Since I fall into the millennial generation, I use the verb “adulting” with a sly smile of irony whenever I do something like make a car payment or buy groceries. There was something else that made me feel like an adult this past weekend: I went to a housewarming party for a couple with whom I have been friends since high school. I am very good friends with the husband, and his wife and I get along well, but we have a bit of a past. Don’t worry, it wasn’t anything shady; I was just a jerk in high school.
When I moved to Minnesota for the second time, I was entering my sophomore year of high school. I tried to be funny to open up to people and sometimes that came out as making fun of other kids. I used to pick on the aforementioned girl in our social studies class, which is also where she met her future husband. She sometimes brings up the fact that I was so mean to her, and I always own up to it, so it has become more of an inside joke between us than any lasting antagonism. It usually doesn’t bother me, but when I was at the housewarming party, I looked around and saw all of the people who came to support and congratulate them in their achievement, and her comment dug a little deeper under my skin.
I couldn’t help but think, “What if I hadn’t been such a jerk in high school?” Would I have possibly found a relationship, settled down, or had a larger group of close friends instead of the few I have now? How much of a difference would that have made and what sort of trajectory would my life have taken if that had been the case? I don’t care to dwell on the past, but I do think looking back and admitting my many mistakes with the intent to learn from them is healthy. However, to obsess or wonder at what could have been only drags me down into a dark pit that blocks out all of the light in my life. I could be jealous of my friends, I could wallow and wish things had been different, but there is no point. I choose to be happy for them, to support them, and to continue to walk my path in life as I have. I know who I am, I know how I have acted toward other people and myself in the past, and I have no misconception of how I should be treated by them.
I have always existed on the fringe of my friend groups, as I have written about on here before, so it is something I have come to acknowledge and accept. Coincidentally enough, I was speaking with another friend from high school the day before the housewarming. She had asked if I knew who won Homecoming king and queen our senior year; she took PSEO classes full-time for her last two years and due to this wasn’t physically present at our high school. She posted the question publicly and there was a groundswell of people I knew from high school who commented. She eventually got the answer she was looking for, but in trying to find out and help her, I started to have some flashbacks to that time. There is a lot about me now that is totally different than the person I was, most of it for the better, but high school wasn’t a great time for me. There are a lot of bad memories, many of which involve my interaction with friends or girls, and I don’t particularly enjoy returning to them. However, the couple whose housewarming I attended are firmly rooted in that chapter of my life, so I was willing to bite the bullet and risk running into people who may not have the best memories or opinion of me in order to support my friends.

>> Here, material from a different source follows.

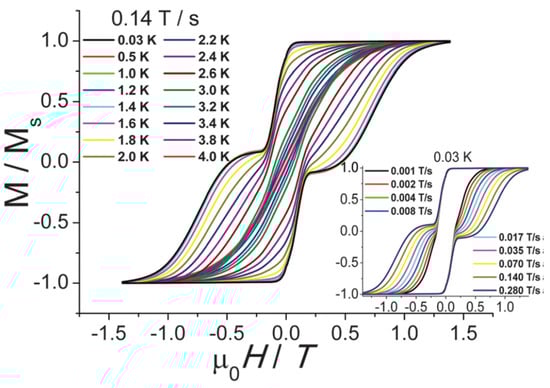 The hysteresis loops of 33R measured on a single crystal on a μ-SQUID at the indicated temperatures and field sweep rates. Reproduced from Ref. [43] with permission from the Royal Society of Chemistry.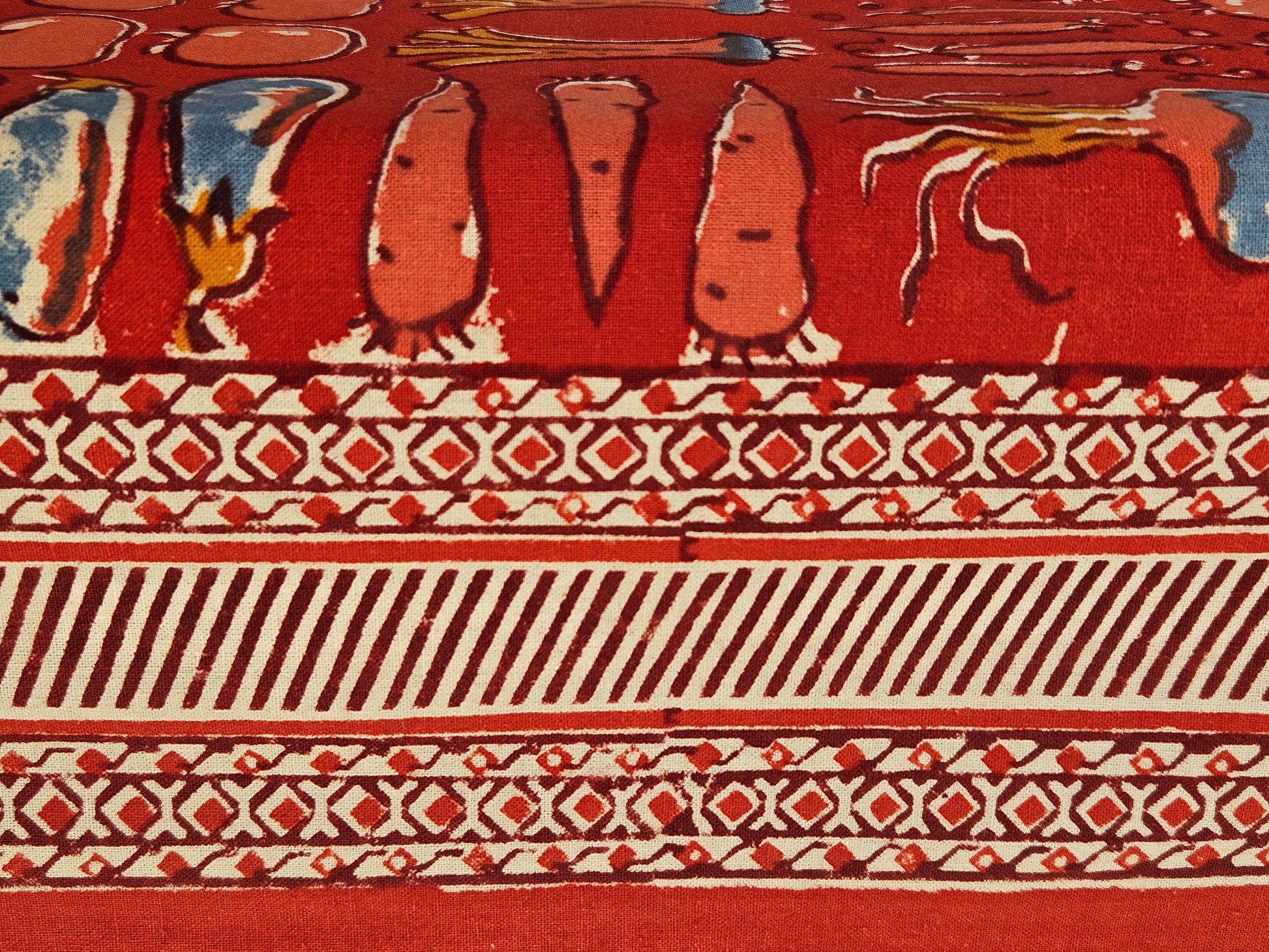 Tela 100% algodón. Estampado a mano con brillantes colores.

Part of me wonders if I really came off as badly in high school as I think I did; I know I can be hard on myself, especially with regard to how I interact with others or with my appearance. Part of me that assumes it was so much worse than I can even imagine, though the reality is most likely that people never gave me as much thought as I think they did (if that makes sense). I had some emotional issues and mental health problems that most certainly contributed to the way I interacted with others. I know enough to realize that it isn’t healthy to worry too much about what other people think just as it isn’t healthy to compare your idea of success to another person’s. We all have different paths to walk and destinations that we walk toward; to try and qualify ourselves based on where someone else is in their life is ridiculous and unnecessary. I won’t say it is easy to keep this perspective, but all I can hope is that I learn from the person I was and become a man I would want to meet.

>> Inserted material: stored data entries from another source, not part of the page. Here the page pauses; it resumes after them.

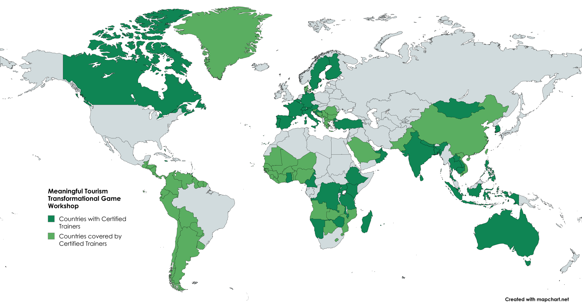 Please find below an overview of all our Certified Trainers for the Meaningful Tourism Transformational Game Workshop, along with the World Map showing the countries currently covered directly or indirectly.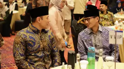 Pantauan tvOnenews, keduanya duduk bersebelahan dalam satu meja. Sandi dan AHY juga sempat bersalaman ketika bertemu. Diketahui, acara ini digelar di Hotel Bidakara, Jakarta Selatan, Kamis (18/5/2023) malam.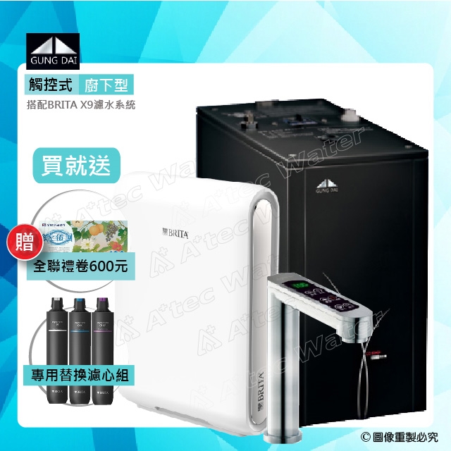 【GUNG DAI GD-600/GD600櫥下型觸控式雙溫飲水機】搭配BRITA X9超濾四階段硬水軟化型過濾系統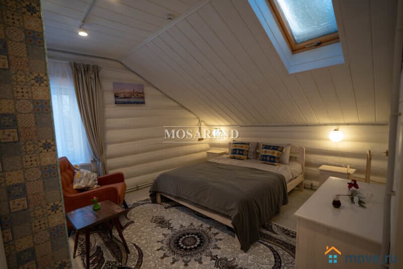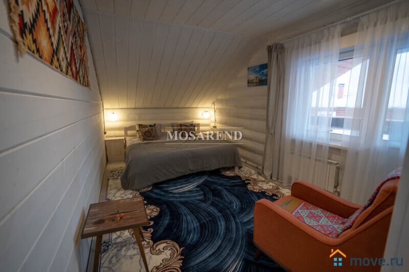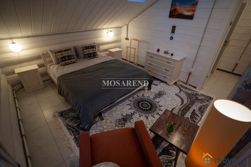 -4 cпальни: 1 на пeрвoм этажe с кроватью 1,6x2 м, 3 на втoрoм этаже с кpoватями 2х2 м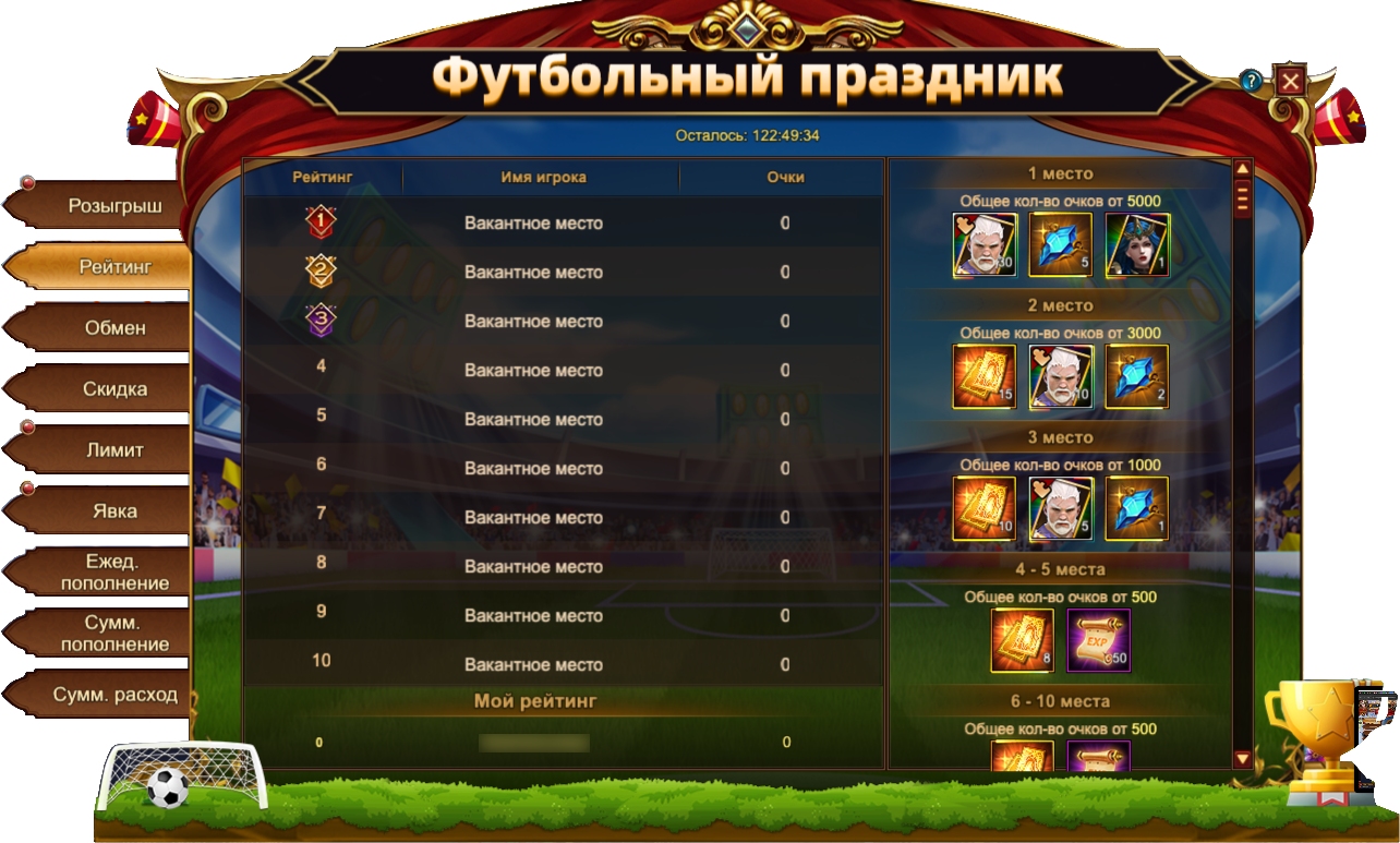 Трофеи, собранные во время данного Фестиваля, позволяют приобрести множество интересных предметов, в том числе и эксклюзивных для данного события: [Карта] Брунгильда, Особый титул Отважно к победе[Аватар] Спортивная головаРамка праздника футбола[Фрагмент карты] Кольцо Драупнир. Если эксклюзивные предметы вас не интересуют, всегда можно обменять Трофеи на полезные ресурсы. Например, на Таинственный каменьОтличная марионетка или [Бог чести] Меч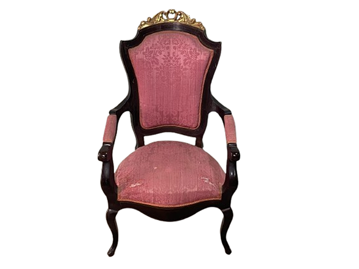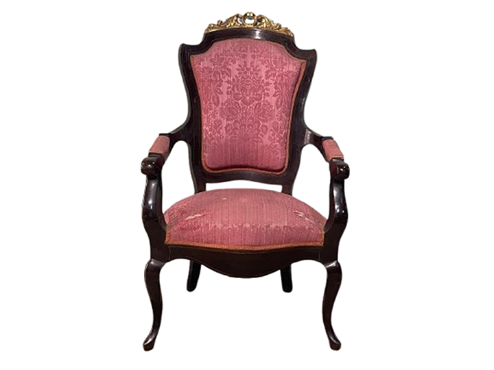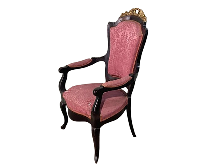 Sillón isabelino caoba y oro tapizado damasco rosa (conjunto sillería: S77, 2 sillones SI-77 y 6 sillas SIL-77)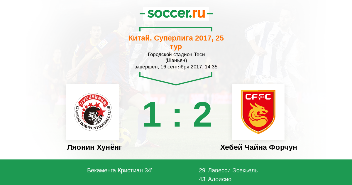 Протокол матча Ляонин Хунёнг против Хебей Чайна Форчун

In the end, I feel a twinge of guilt at how kind my friend and his wife are to me; they have a close group of friends that I am familiar with, but in which I wouldn’t include myself. Part of my issue with social media is seeing the people who were friends in high school still making time to be together all these years later; I know that I consciously walked away from that and can pinpoint the times when my path forked off. The girls I had crushes on move between relationships and despite the fact that many years have gone by, I am hesitant to reach out to connect when they are single; I still hold on to the image of myself as that weird teenager. My self-esteem withdraws and all I can think of is that they hold that same mental image of me as a teen; someone with mental health issues who doesn’t know how to deal with them and does strange things for attention. I am caught between leaving that world behind and making an attempt to show I am different now.

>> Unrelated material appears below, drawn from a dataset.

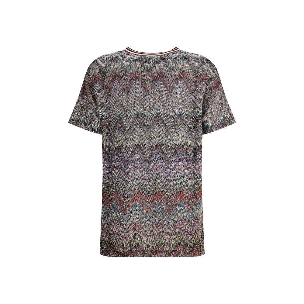 Missoni’s sequined zig zag T-Shirt is a bright and refined garment made with Caperdoni’s exclusive loom work. The Maison’s classic zig zag pattern is enriched with lamé filaments and sequins, creating a bright and sophisticated effect. Made from a viscose blend, it combines comfort and unmistakable style.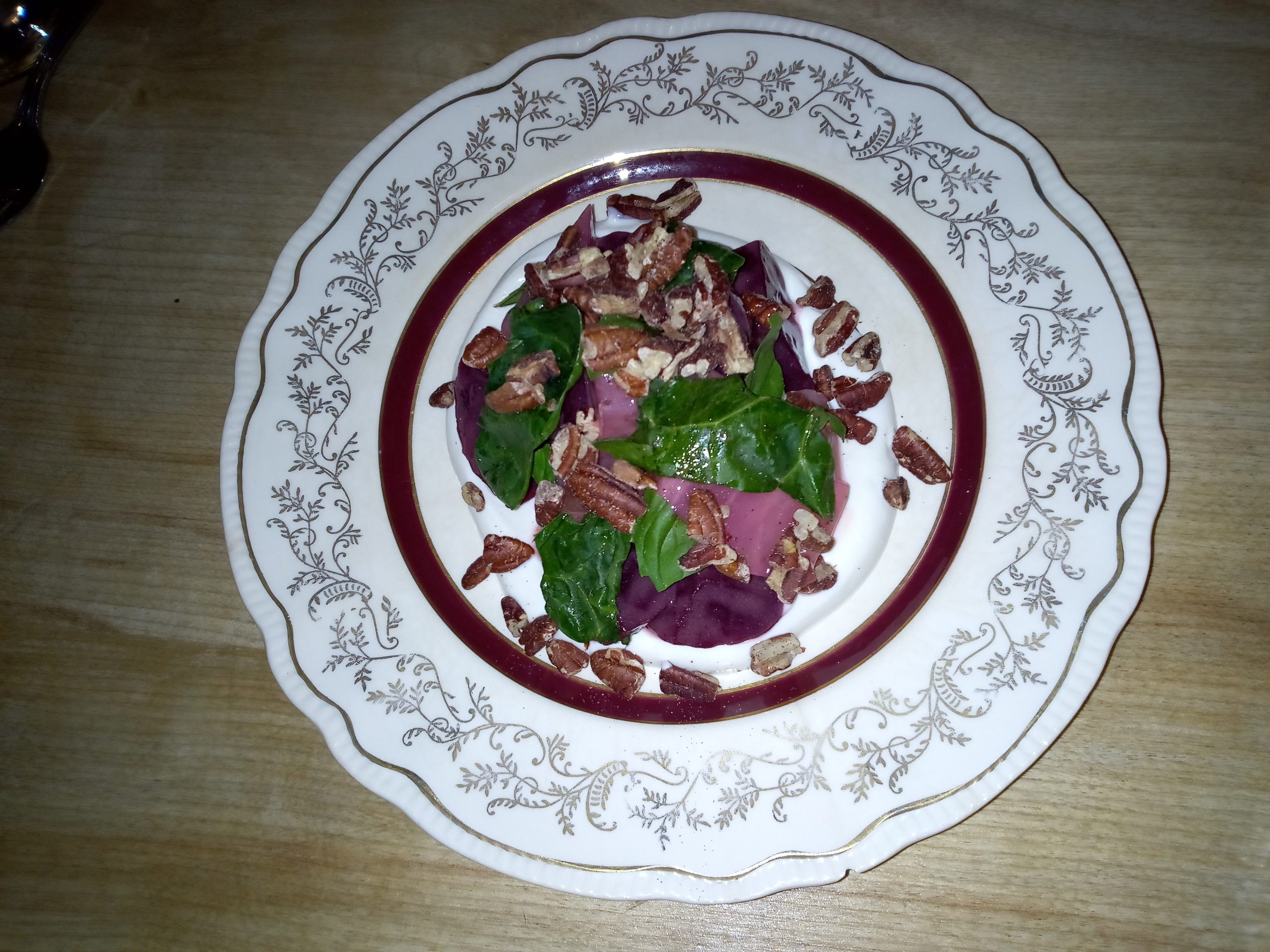 grillées. Quelle bonne idée ! Le moelleux du mollusque, son assaisonnement et le croquant des noix assurent un goût savoureux. Deux sortes de betteraves entières (les rouges traditionnelles et les Chioggia, de couleur jaune crues qui deviennent roses à la cuisson) sur un lit de yogourt à l’érable fait maison, pacanes et

Regardless, the couple are both genuinely excited when we get together and they are a light in my life that gives me an example of what can go right in a relationship. I truly wish them all the success in the world because they are good people, and those seem to be few and far between these days. I will continue to support them and make my appreciation of their friendship known, and I will reject the impulse to be jealous; I was who I was in high school and have hopefully learned to be better. I don’t need to dig up and destroy my roots; I just need to make sure I don’t trip over them.